THE SOFTWARE IS PROVIDED “AS IS”, WITHOUT WARRANTY OF ANY KIND, EXPRESS OR IMPLIED, INCLUDING BUT NOT LIMITED TO THE WARRANTIES OF MERCHANTABILITY, FITNESS FOR A PARTICULAR PURPOSE AND NONINFRINGEMENT. IN NO EVENT SHALL THE AUTHORS OR COPYRIGHT HOLDERS BE LIABLE FOR ANY CLAIM, DAMAGES OR OTHER LIABILITY, WHETHER IN AN ACTION OF CONTRACT, TORT OR OTHERWISE, ARISING FROM, OUT OF OR IN CONNECTION WITH THE SOFTWARE OR THE USE OR OTHER DEALINGS IN THE SOFTWARE.
If you’ve decided to host your PANDA on Amazon’s EC2 service or anywhere else that is accessible over the public internet then you should secure your site with an SSL certificate. Broadly, there are two ways you might go about this.
The best option is purchase a certificate from an official signing authority such as VeriSign or Digicert. However, a fully validated SSL certificate can cost hundreds of dollars per year.
Fortunantely, for the purposes of PANDA you should be fine with a much less expensive “Domain Validation” only certificate. This are available from many DNS registrars, such as Namecheap as well as dedicated providers like RapidSSL. Domain Validation certificates typically verify the email address in the WHOIS records of your domain registration and then issue instantly. Ideally, you wouldn’t want to use one of these to secure a public website, but because PANDA is only used by members of your organization it is sufficient.
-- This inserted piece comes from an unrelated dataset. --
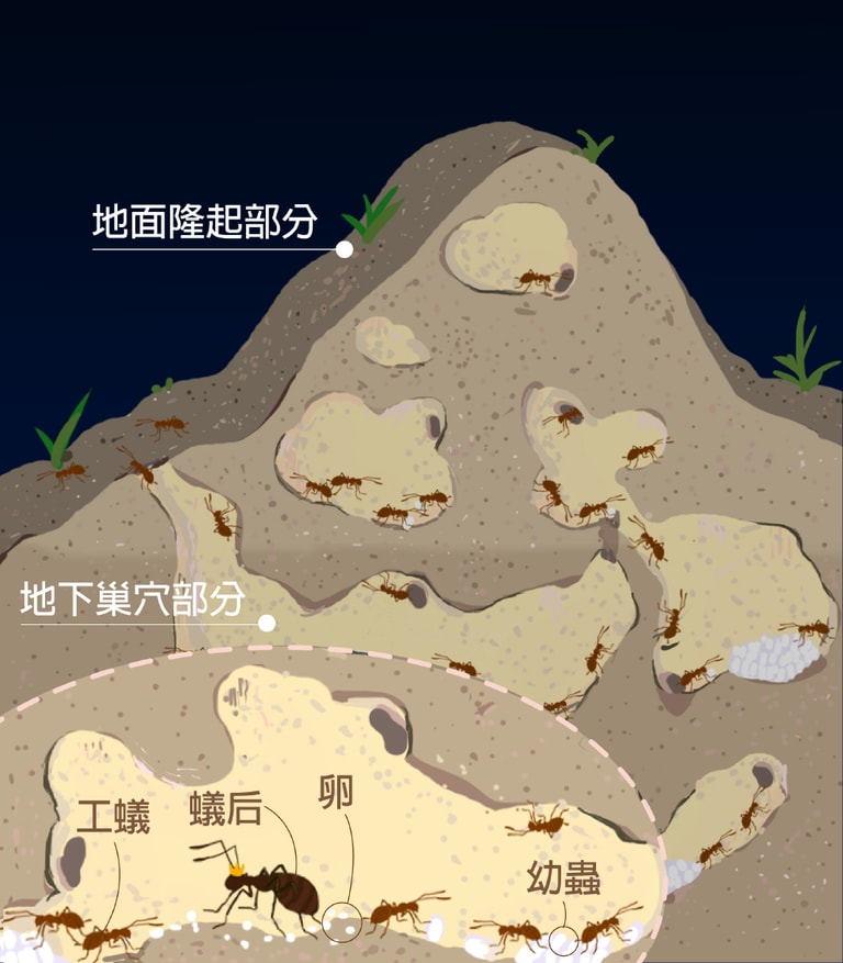 A:紅火蟻要成功交配,必須經歷一個「婚飛」的過程。在春、夏繁殖期,有翅的雄蟻與處女蟻后會飛到巢外交配,之後蟻后再找適合地點建立新巢。

Once you’ve acquired a certificate you can copy it your server by running the following commands in the directory with the files:
scp -i <MY_EC2_KEY.pem> <MY_CERT.crt> ubuntu@<MY_PANDA_SERVER.com>:~/panda.crt
scp -i <MY_EC2_KEY.pem> <MY_KEY.key> ubuntu@<MY_PANDA_SERVER.com>:~/panda.key
If you are operating your PANDA in a no-budget environment, then you may choose to generate your own “self-signed” certificate instead. This will provide all the benefits of encryption to your users, however, each user will need to click through a browser warning that the site is not verified. You will need to explicitly communicate to your users that this error message is normal. (In most browers they will only see it once.)
SSH into your server and run these commands:
# You'll be prompted for a passphrase.
# Use anything, but remember what it is.
openssl genrsa -des3 -out panda.key 1024
# After entering your passphrase you'll be prompted for a
# variety of information which you can either fill in or leave blank.
openssl req -new -key panda.key -out panda.csr
cp panda.key panda.key.org
# You'll need your passphrase again here.
openssl rsa -in panda.key.org -out panda.key
openssl x509 -req -days 365 -in panda.csr -signkey panda.key -out panda.crt
rm panda.csr
rm panda.key.org
Once you’ve purchased or created a certificate you’ll need to install both it and your signing key in the correct location:
sudo mv panda.crt /etc/nginx/panda.crt
sudo chown root:root /etc/nginx/panda.crt
sudo chmod 644 /etc/nginx/panda.crt
sudo mv panda.key /etc/nginx/panda.key
sudo chown root:root /etc/nginx/panda.key
sudo chmod 644 /etc/nginx/panda.key
The last thing you’ll need to do is reconfigure PANDA’s webserver (Nginx) to use the new SSL certificate. Fortunantely, there is a one-size-fits-all solution for this. All you need to is SSH into your PANDA server and run the following commands:
sudo wget https://raw.github.com/pandaproject/panda/0.1.4/setup_panda/nginx_ssl -O /etc/nginx/sites-available/panda
sudo service nginx restart
Your PANDA should now redirect all unsecured requests to a secure https:// url.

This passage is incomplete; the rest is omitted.